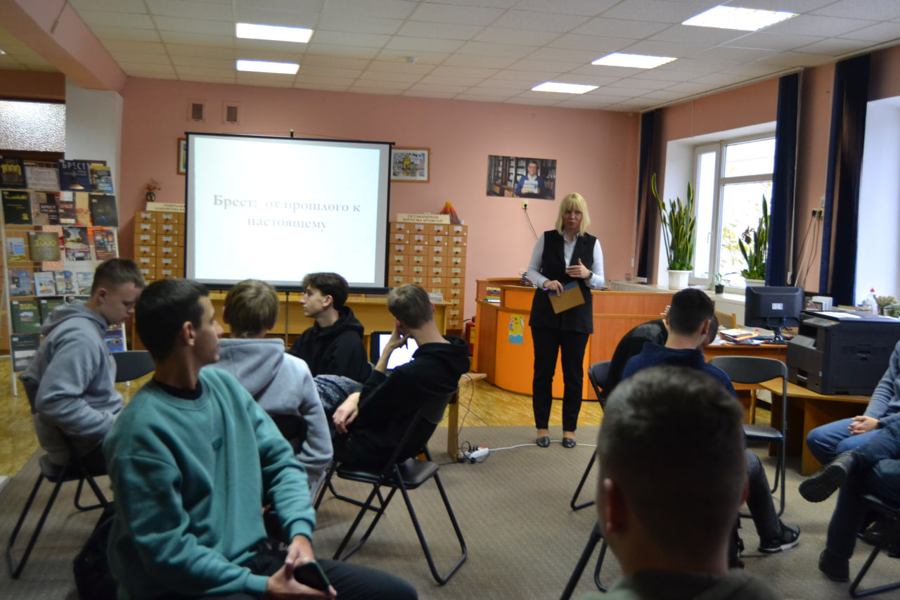 23 ноября 2023 г. сотрудники юношеского отдела познакомили учащихся колледжа приборостроения с историей Бреста и Брестской области, напомнили им о знаменитых людях и достопримечательностях родного края.
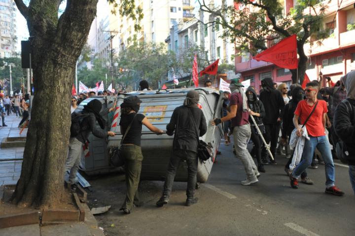 A Secretaria de Segurança Pública do governo do Rio Grande do Sul informou que a polícia acompanhou a movimentação até o limite de uma faixa que havia sido colocada pelas forças de segurança para demarcar o limite da manifestação. Após a faixa, estava a Brigada Militar.
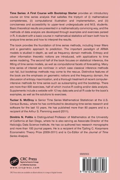 Time Series: A First Course with Bootstrap Starter provides an introductory course on time series analysis that satisfies the triptych of (i) mathematical completeness, (ii) computational illustration and implementation, and (iii) conciseness and accessibility to upper-level undergraduate and M.S. students. Basic theoretical results are presented in a mathematically convincing way, and the methods of data analysis are developed through examples and exercises parsed in R. A student with a basic course in mathematical statistics will learn both how to analyze time series and how to interpret the results.
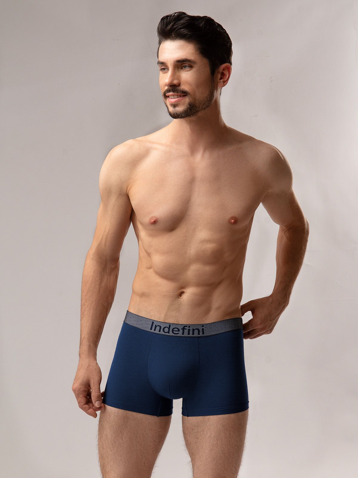 Удобная модель с эластичной резинкой, украшенной фирменной надписью "Indefini".
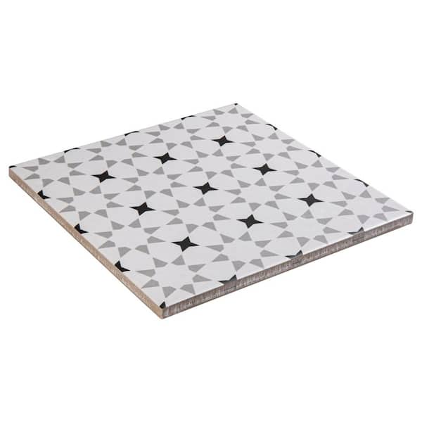Bliss Deco Black/Gray and White 8 in. x 8 in. Porcelain Matte European Floor and Wall Tile Sample
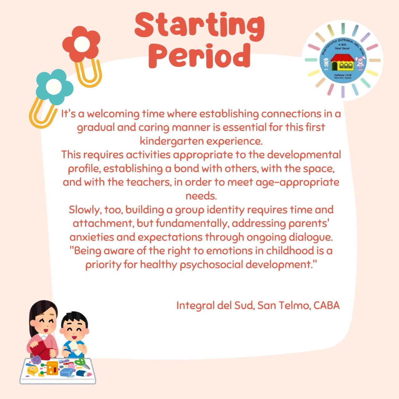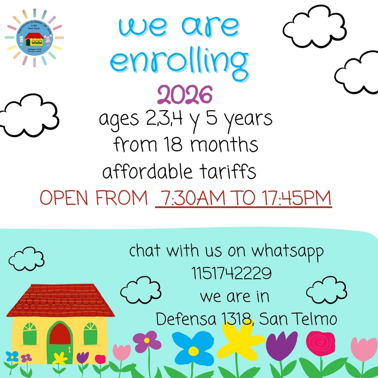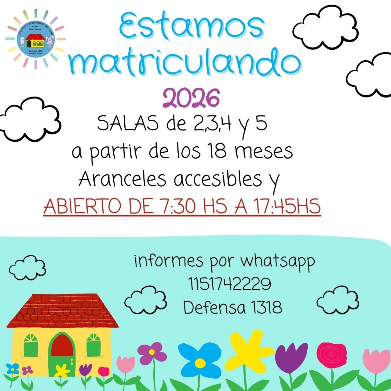 Ya esta abierta la inscripción para el curso escolar 2026. Para informes: Completar el siguiente link y comunicarse a integral_del_sud@yahoo.com.ar o al WhatsApp +11 5174 2229 / 47002348
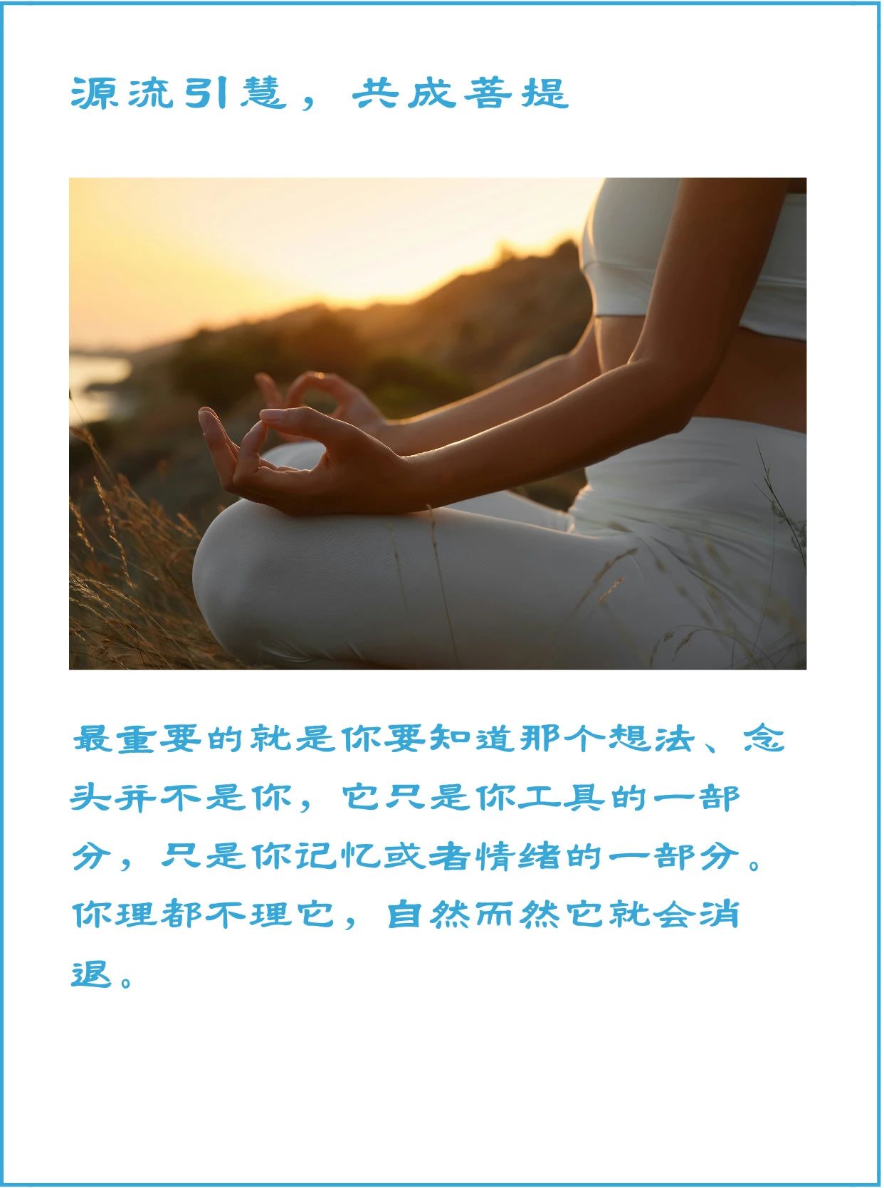 但是最重要的就是你要知道那个想法、念头并不是你,它只是你工具的一部分,只是你记忆或者情绪的一部分。如果你没有任何检查、毫无条件地对它认同的话,这是“我”的想法、“我”的念头,那它一定会带着你走向情绪的深渊。当你对它不认同,不把它当做自己,只是一个想法、念头来了,你就看着这个想法、念头,你理都不理它,自然而然它就会消退。
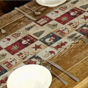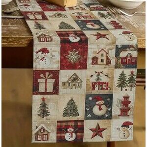 Country Christmas Table Runner 13x72in Linen Snowman Christmas trees
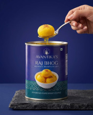 sweets tin dessert close up syrup dripping spoon serving indian sweet indulgent food glossy texture dark stone slab backlighting food photography rich taste gourmet prompt google gemini nano bananaImagine Buddy
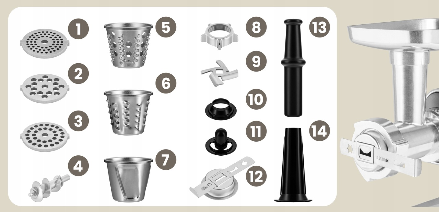 Wyjątkowo mocny silnik o mocy szczytowej 2500 W zapewnia błyskawiczne i efektywne mielenie mięsa nawet w dużych ilościach. Urządzenie sprawdzi się zarówno na co dzień, jak i podczas intensywnego użytkowania.
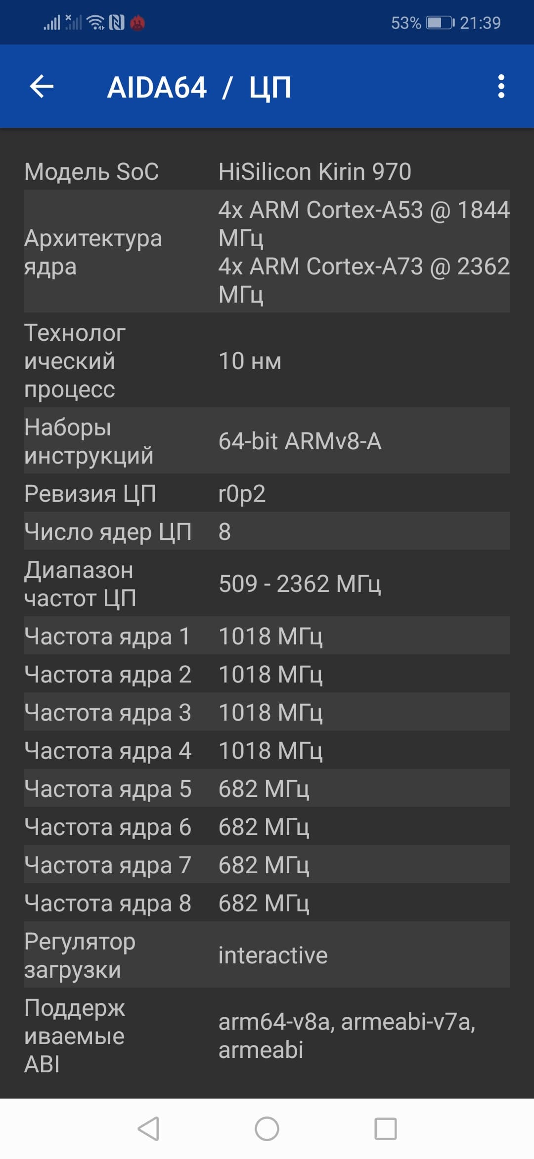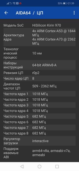 - SoC HiSilicon Kirin 970, 8 ядер: 4×Cortex-A73 @2,36 ГГц + 4×Cortex-A53 @1,8 ГГц
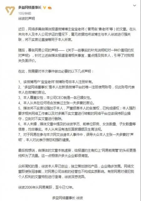 徐波声明表示,“多益网络董事长”是其在新浪微博平台的唯一注册使用账号,仅此账号代表本人在微博的言论。“宝宝老师”微博账号非本人注册所有。
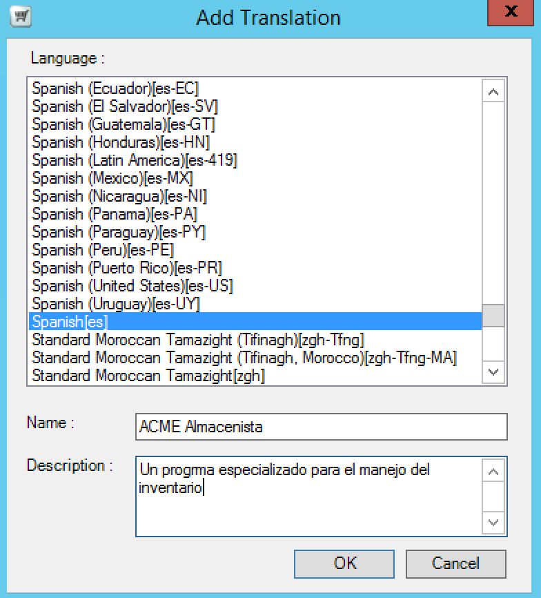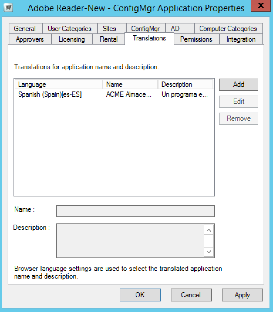 Use this to manage localisation for application names and their descriptions. To add a translation:
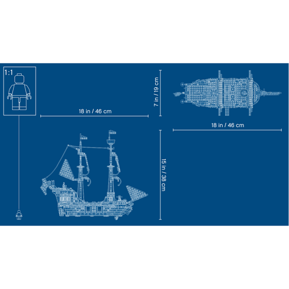Het piratenschip is 37 cm hoog, 46 cm lang en 19 cm breed.
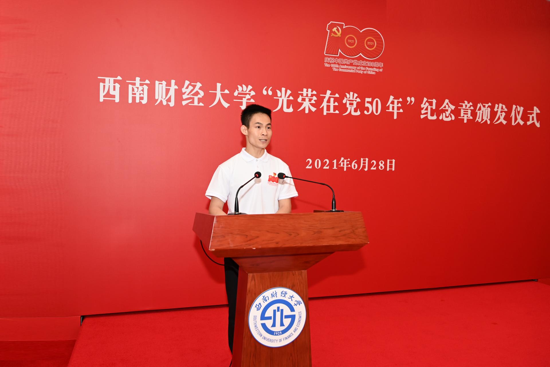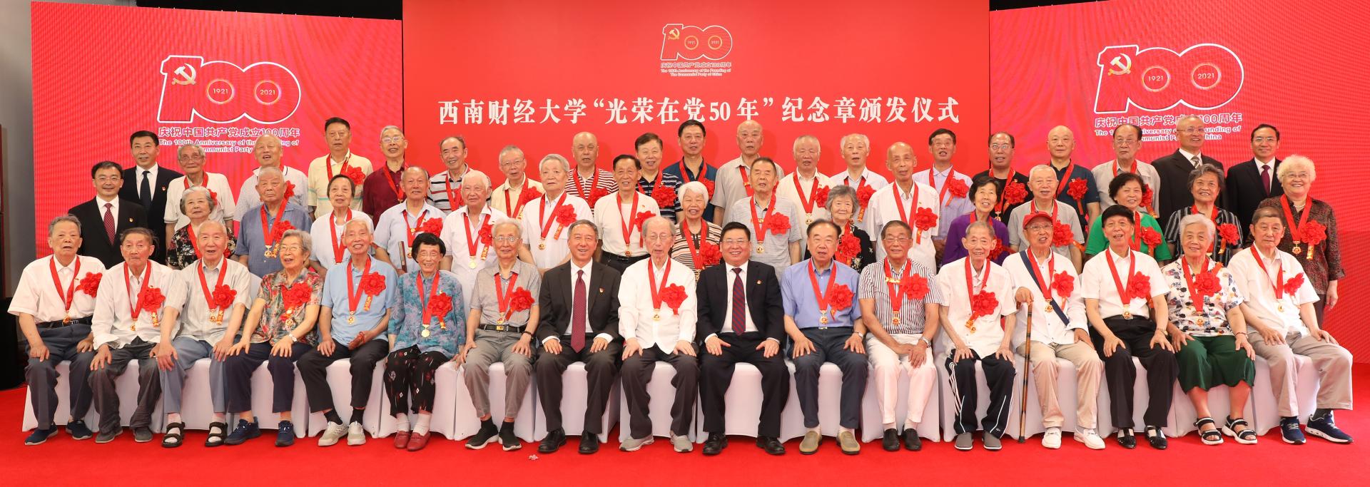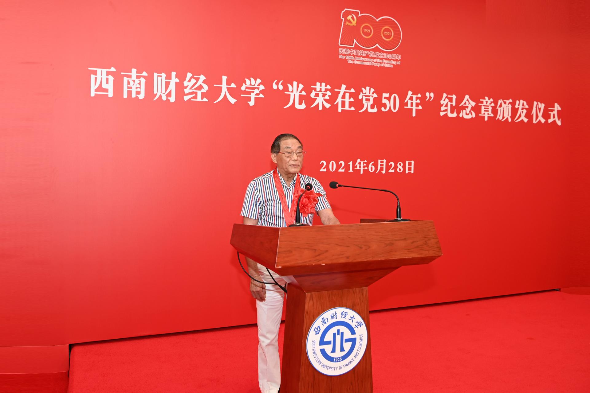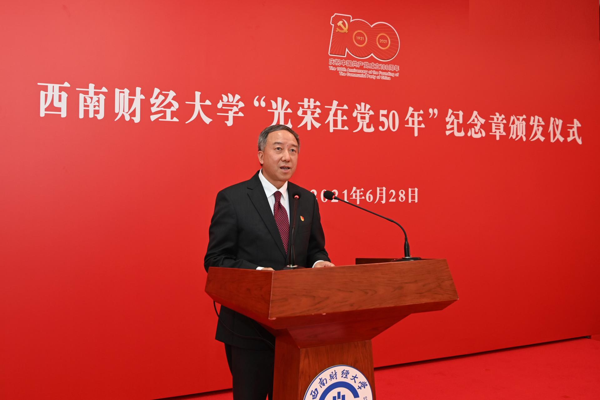 赵德武代表学校党委向荣获“光荣在党50年”纪念章的老党员表示热烈祝贺并致以崇高敬意,向老同志们为党和人民教育事业、为西南财大发展进步所做出的卓越贡献表示衷心感谢。他指出,在庆祝中国共产党成立100周年的重要时刻,党中央颁发“光荣在党50年”纪念章,充分体现了以习近平同志为核心的党中央对老党员们的高度重视和亲切关怀,充分体现了党和人民对老党员历史贡献的高度评价和充分肯定。颁发“光荣在党50年”纪念章,对于增强党员荣誉感、归属感、使命感,汇聚为实现“十四五”规划和2035年远景目标持续奋斗的磅礴力量,具有十分重要的意义。
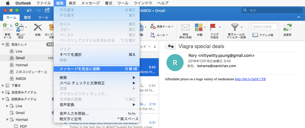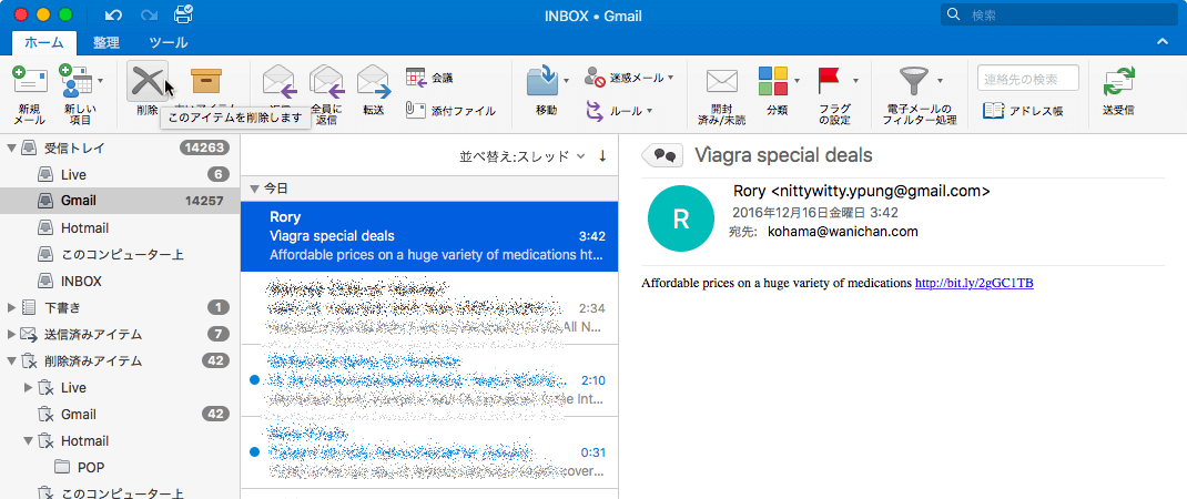Outlook 2016 for Macで選択したメッセージを削除するには、[ホーム]タブの[削除]をクリック、deleteキーを押す、もしくは[編集]メニューの[削除]を選択します。削除されたメッセージは[削除済みアイテム]フォルダーに移動されます。Shiftキーを押しながら押すと、[削除済みアイテム]フォルダーに移動されずに完全削除になります。
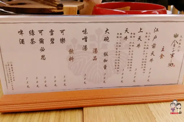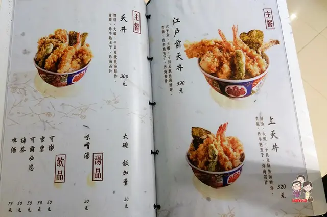 分別為江戶前天丼390,上天丼320 以及天丼300,
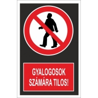 Gyalogosok számára tilos tábla, kültéri kivitelben, 3 mm habosított PVC táblára kasírozva, A4 méretben.
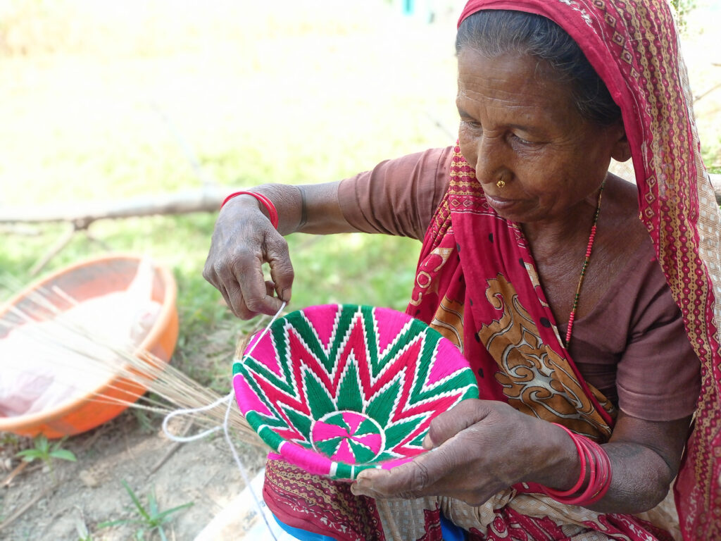 थारु पौराणिक हस्तकलाको सामग्री मना (ढाकी) बनाउँदै सुनसरीको रामधुनी नगरपालिकाकी रामवती चौधरी । थारु महिलाको विशेष सीपको रुपमा लिइने हस्तकलाका विषयमा युवापुस्ताले चासो नदिँदा लोप हुने अवस्थामा पुगेको छ ।
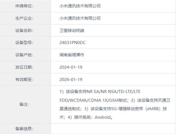 此前还曾有一款小米Civi 4入网,当时入网信息的设备名称为卫星移动终端,也就是支持卫星通信,将作为高配版本推出。
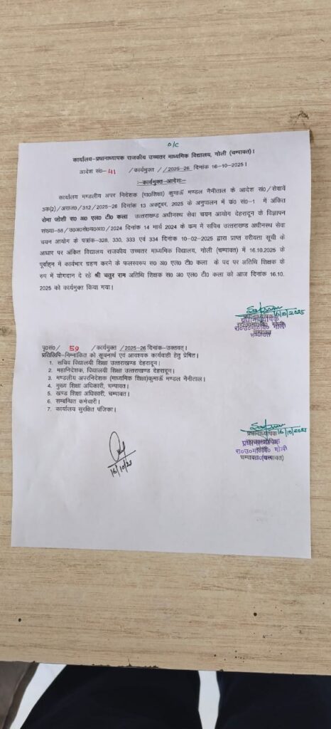 जानकारी के अनुसार, 16 अक्टूबर को चम्पावत जिले के गोली राजकीय उच्चतर माध्यमिक विद्यालय से चतुर राम, सिंगदा से प्रमोद परगांई, निलोटी से नेहा, मंच जीआईसी से आभा जोशी और बापरू से राखी गहतोड़ी सहित कई शिक्षकों को कार्यमुक्त किया गया है। इन सभी शिक्षकों ने वर्षों तक अपने-अपने विद्यालयों में अतिथि शिक्षक के रूप में सेवाएं दी थीं। दीपावली जैसे पर्व से पहले नौकरी छूटने से उनके सामने आर्थिक और मानसिक संकट खड़ा हो गया है।
------
> Your instructions:
Print everything from the line with "但是最重要的就是你要知道那个" down to the line with "Use this to" in the entries above, both lines included and nothing more, without the pictures.

> Your solution:
 但是最重要的就是你要知道那个想法、念头并不是你,它只是你工具的一部分,只是你记忆或者情绪的一部分。如果你没有任何检查、毫无条件地对它认同的话,这是“我”的想法、“我”的念头,那它一定会带着你走向情绪的深渊。当你对它不认同,不把它当做自己,只是一个想法、念头来了,你就看着这个想法、念头,你理都不理它,自然而然它就会消退。
 Country Christmas Table Runner 13x72in Linen Snowman Christmas trees
 sweets tin dessert close up syrup dripping spoon serving indian sweet indulgent food glossy texture dark stone slab backlighting food photography rich taste gourmet prompt google gemini nano bananaImagine Buddy
 Wyjątkowo mocny silnik o mocy szczytowej 2500 W zapewnia błyskawiczne i efektywne mielenie mięsa nawet w dużych ilościach. Urządzenie sprawdzi się zarówno na co dzień, jak i podczas intensywnego użytkowania.
 - SoC HiSilicon Kirin 970, 8 ядер: 4×Cortex-A73 @2,36 ГГц + 4×Cortex-A53 @1,8 ГГц
 徐波声明表示,“多益网络董事长”是其在新浪微博平台的唯一注册使用账号,仅此账号代表本人在微博的言论。“宝宝老师”微博账号非本人注册所有。
 Use this to manage localisation for application names and their descriptions. To add a translation:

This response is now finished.